BEGIN
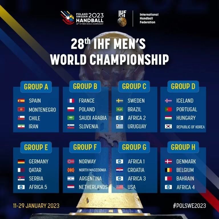 El XXVIII Campeonato Mundial de Balonmano masculino en Polonia y Suecia se lleva a cabo desde este miércoles 11 al 29 de enero
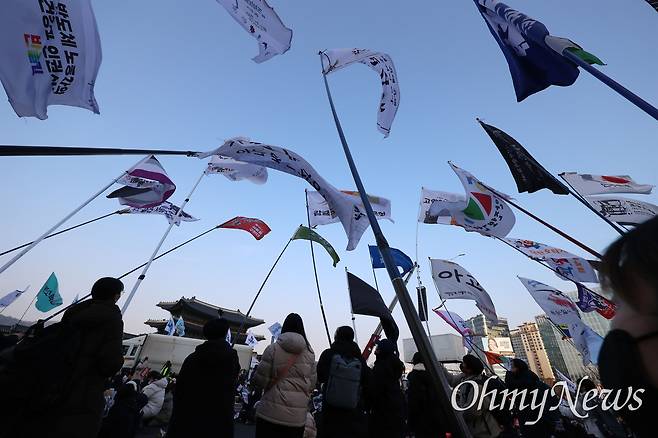 | ▲ ‘윤석열 즉각 퇴진, 사회대개혁, 9차 범시민대행진’이 지난 2월 1일 오후 서울 종로구 광화문앞에서 윤석열퇴진비상행동 주최로 열린 가운데 참가자들이 다양한 깃발을 흔들고 있다. |
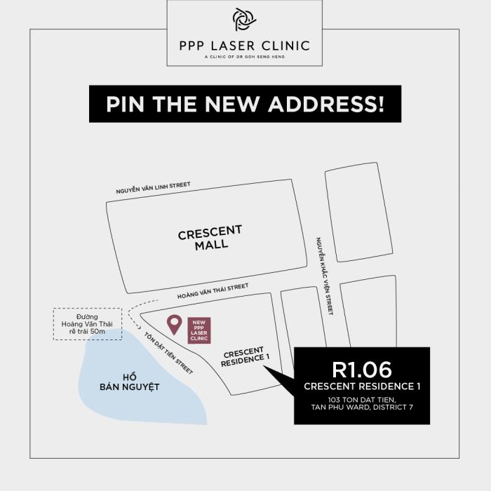 | Để đảm bảo quy trình làm đẹp một cách an toàn, PPP Clinic Quận 7 sẽ hoạt động dưới mô hình boutique clinic có vị trí mặt tiền nổi bật đối diện Hồ Bán Nguyệt tại R1.06, Crescent Residence 1 – 103 Tôn Dật Tiên, Phường Tân Phú, Quận 7 và sẽ tạm thời mở cửa từ 10:00 đến 20:00 hàng ngày cho đến khi có thông báo mới. |
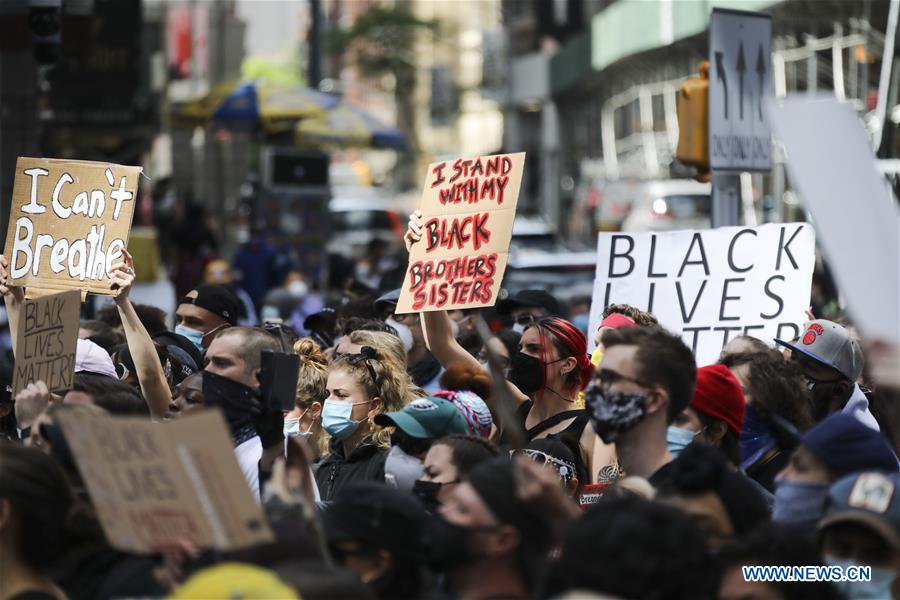People protest over the death of George Floyd in New York, the United States, June 1, 2020. (Xinhua/Wang Ying)
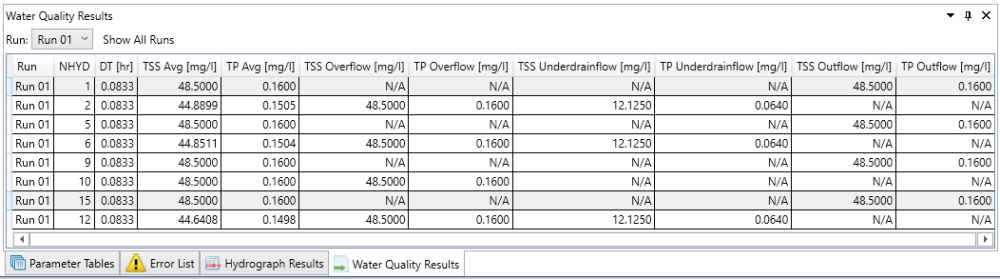 This output feature allows the user to view the actual water quality results in Water Quality Results window found at the bottom of VO.
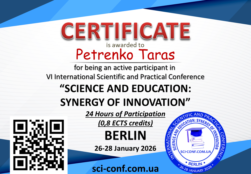 Тези учасників будуть опубліковані у збірнику із присвоєнням ISBN 978-3-954753-01-7 та УДК, вихідні дані м. Берлін, Німеччина, випуск в електронному варіанті (Conference PROCEEDINGS) буде доступний на нашому сайті не пізніше 5.02.2026 року.
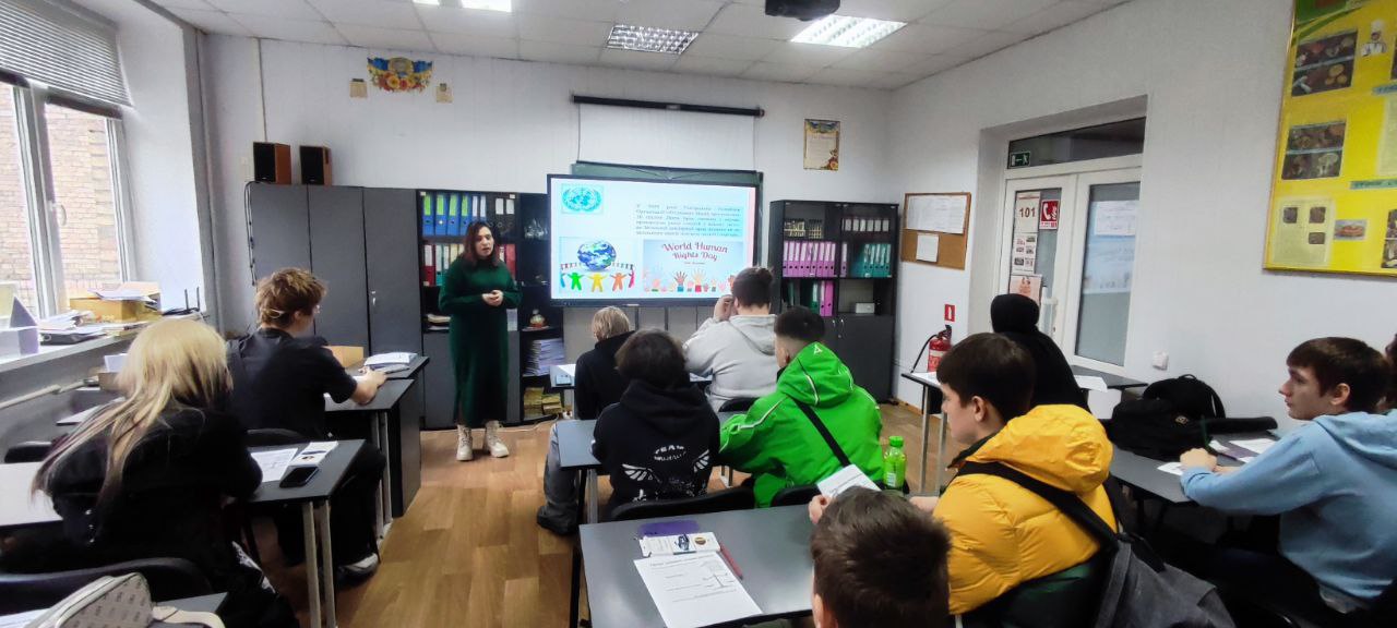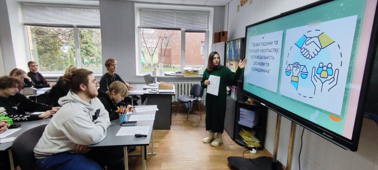Під час заняття здобувачам освіти було представлено інформативну презентацію, у якій висвітлено ключові поняття про права людини, механізми їх захисту та роль кожного громадянина у запобіганні насильству.
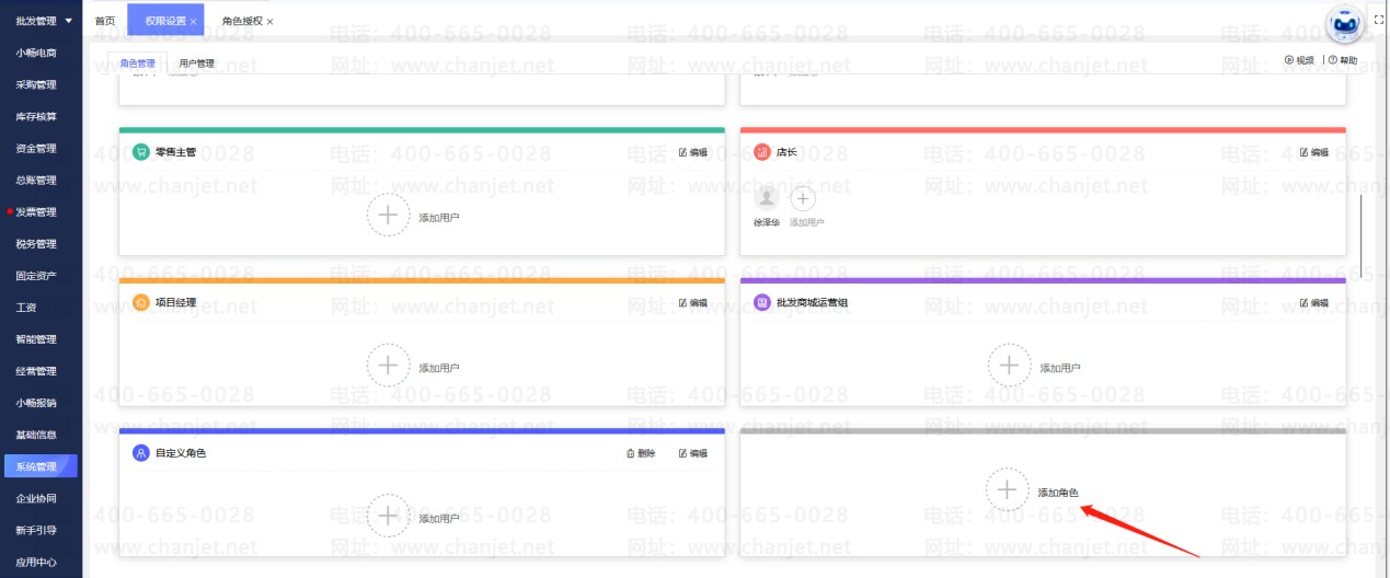 1. 点击【系统管理】-【权限设置】,点击【添加角色】,新增自定义角色
END
▶ _Work to be completed_
Above are the records; repeat their lines from the first through the line containing "Тези учасників будуть", and leave out each picture.

▶ _Task response_
 El XXVIII Campeonato Mundial de Balonmano masculino en Polonia y Suecia se lleva a cabo desde este miércoles 11 al 29 de enero
 | ▲ ‘윤석열 즉각 퇴진, 사회대개혁, 9차 범시민대행진’이 지난 2월 1일 오후 서울 종로구 광화문앞에서 윤석열퇴진비상행동 주최로 열린 가운데 참가자들이 다양한 깃발을 흔들고 있다. |
 | Để đảm bảo quy trình làm đẹp một cách an toàn, PPP Clinic Quận 7 sẽ hoạt động dưới mô hình boutique clinic có vị trí mặt tiền nổi bật đối diện Hồ Bán Nguyệt tại R1.06, Crescent Residence 1 – 103 Tôn Dật Tiên, Phường Tân Phú, Quận 7 và sẽ tạm thời mở cửa từ 10:00 đến 20:00 hàng ngày cho đến khi có thông báo mới. |
People protest over the death of George Floyd in New York, the United States, June 1, 2020. (Xinhua/Wang Ying)
 This output feature allows the user to view the actual water quality results in Water Quality Results window found at the bottom of VO.
 Тези учасників будуть опубліковані у збірнику із присвоєнням ISBN 978-3-954753-01-7 та УДК, вихідні дані м. Берлін, Німеччина, випуск в електронному варіанті (Conference PROCEEDINGS) буде доступний на нашому сайті не пізніше 5.02.2026 року.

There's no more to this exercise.